# Remington 1911 R1 Pistol



## Allterrain (Feb 20, 2010)

Wow, learn something new everyday. Just happen to be on Remingtons web site and saw there new 1911 pistol. Looks pretty nice to me. I grew up on Remington guns and its nice to see them getting into the pistol market. Hopefully that pistol will live up to its name and be worth the money. If anybody happens to get there hands on one of those be sure and tell us what you think.


----------



## Gunners_Mate (Feb 17, 2010)

I saw this a little while ago and was likewise intrigued so I talked to VAMarine about it and he pointed out this link and had the following to say:

The Michael Bane Blog: Remington II

"It's brand new and as far as I know hasn't started shipping yet. It's of the "GI" flavor, but at least offers a dovetailed front sight. Also of note is the short trigger. Word is that it uses the Colt style firing pin safety which I do prefer over other mechanical variations however I feel that Springfield and the "custom" guys do the right thing with light firing pins and heavier firing pin springs. The R1 is also Carbon Steel and not stainless, not a big issue to me but some prefer stainless over carbon.

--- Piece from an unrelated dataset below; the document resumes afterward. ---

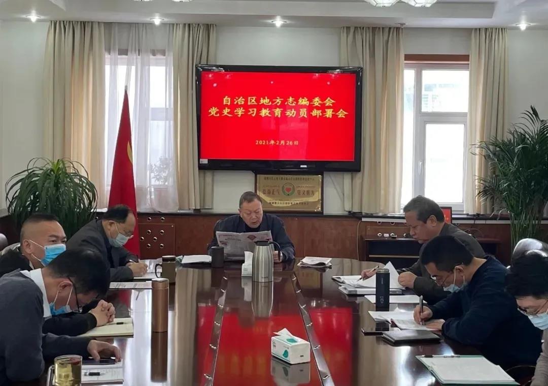 2月26日,新疆維吾爾自治區(qū)地方志編委會召開黨史學(xué)習(xí)教育動員會。編委會黨組書記、副主任廖運建作動員講話,黨組成員、副主任吐爾地·阿西木主持,一級巡視員劉星及編委會全體黨員干部參加會議。會議強調(diào),地方志工作者要牢固樹立正確的黨史觀,堅決抵制歪曲和丑化黨的歷史的錯誤傾向。通過修史編鑒,引導(dǎo)干部群眾樹立正確的歷史觀、民族觀、國家觀、文化觀。要完整準(zhǔn)確貫徹新時代黨的治疆方略,特別是要積極開展“文化潤疆”工程,為鑄牢中華民族共同體意識、促進各族人民大團結(jié)貢獻(xiàn)方志人的智慧和力量。

I'd give it a pass until some more reviews come out, but I'm not overly enthused about it. Almost everyone makes a 1911 and it takes more than a Modernized GI to make my heart sing. "


----------



## Sully2 (Mar 9, 2010)

Im going to take a serious look as soon as I can at one of them. I like its specs personally..although Id have the sights changed


----------



## tekarra (May 16, 2007)

There are some range reports on the 1911 forums.


----------



## Allterrain (Feb 20, 2010)

Here is a review I found. Remington 1911 R1 Handgun


----------



## flieger67 (Dec 15, 2009)

The Remington R1 has been featured on the cover of a few magazines. The most recent one that I'm aware of is the June 2010 issue of "Shooting Illustrated".


----------



## cmaki413 (Feb 11, 2010)

Allterrain said:


> Wow, learn something new everyday. Just happen to be on Remingtons web site and saw there new 1911 pistol. Looks pretty nice to me. I grew up on Remington guns and its nice to see them getting into the pistol market. Hopefully that pistol will live up to its name and *be worth the money*. If anybody happens to get there hands on one of those be sure and tell us what you think.

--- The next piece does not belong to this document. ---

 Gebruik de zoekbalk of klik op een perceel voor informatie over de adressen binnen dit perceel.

Any idea on what it costs?? I have dial up here, and the remington page won't load, and i can't find a price on it anywhere.


----------



## nightal (Mar 19, 2010)

The last I have seen it is under $700.00 MSLP $699.00.


----------



## nightal (Mar 19, 2010)

Someone on GB has them buy now, $619.00.


----------



## cmaki413 (Feb 11, 2010)

Thanks...this gun...the new xd(m) 45...and a gun show this weekend. Decisions decisions.


----------



## Shipwreck (Jan 26, 2006)

Yes, someone on Glocktalk stated they had 1, so I know they are finally shipping


----------



## flieger67 (Dec 15, 2009)

My LGS had one in stock and in the for-sale case yesterday. They got it out for me to examine and it looks really nice and to be a real bargain at the price. One of the 1911 aficionados who works there was saying that the R1 would be a great platform to mod and pointed to how the sights are affixed as an example. When we cycled the slide, it was surprisingly smooth and with no slop in the fit.

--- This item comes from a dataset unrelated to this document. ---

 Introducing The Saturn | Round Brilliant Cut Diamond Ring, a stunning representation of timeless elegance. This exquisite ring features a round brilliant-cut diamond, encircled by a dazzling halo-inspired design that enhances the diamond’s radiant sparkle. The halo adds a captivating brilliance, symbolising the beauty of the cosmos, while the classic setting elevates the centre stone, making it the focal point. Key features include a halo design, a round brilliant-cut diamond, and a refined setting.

If I were in the market for an inexpensive, no-frills .45 ACP, this would be a leading candidate. At the price, you'd probably have cash for extra accessories and mods.


----------



## recoilguy (Apr 30, 2009)

LGS here has them for 629 bucks.....I agree with the previous poster very nice tight no frills gun. I think it would be a decent deal on a pretty good weapon.

RCG


----------



## falchunt (May 8, 2009)

*Hmmm*

I don't yet own any 1911's but I definitely have at least one on my "futures" list. If I owned several "top tier" 1911's I probably wouldn't be all that interested in this new R1 from Remington, but the price is right, so I am all ears at this point. If this continues to get good reviews it might end up in my hands before too long. :mrgreen:


----------



## texagun (May 5, 2007)

Saw 2 new ones at the DFW gun show this weekend. Nice looking guns. One was $579 and the other one was $629.......both new in the box.


----------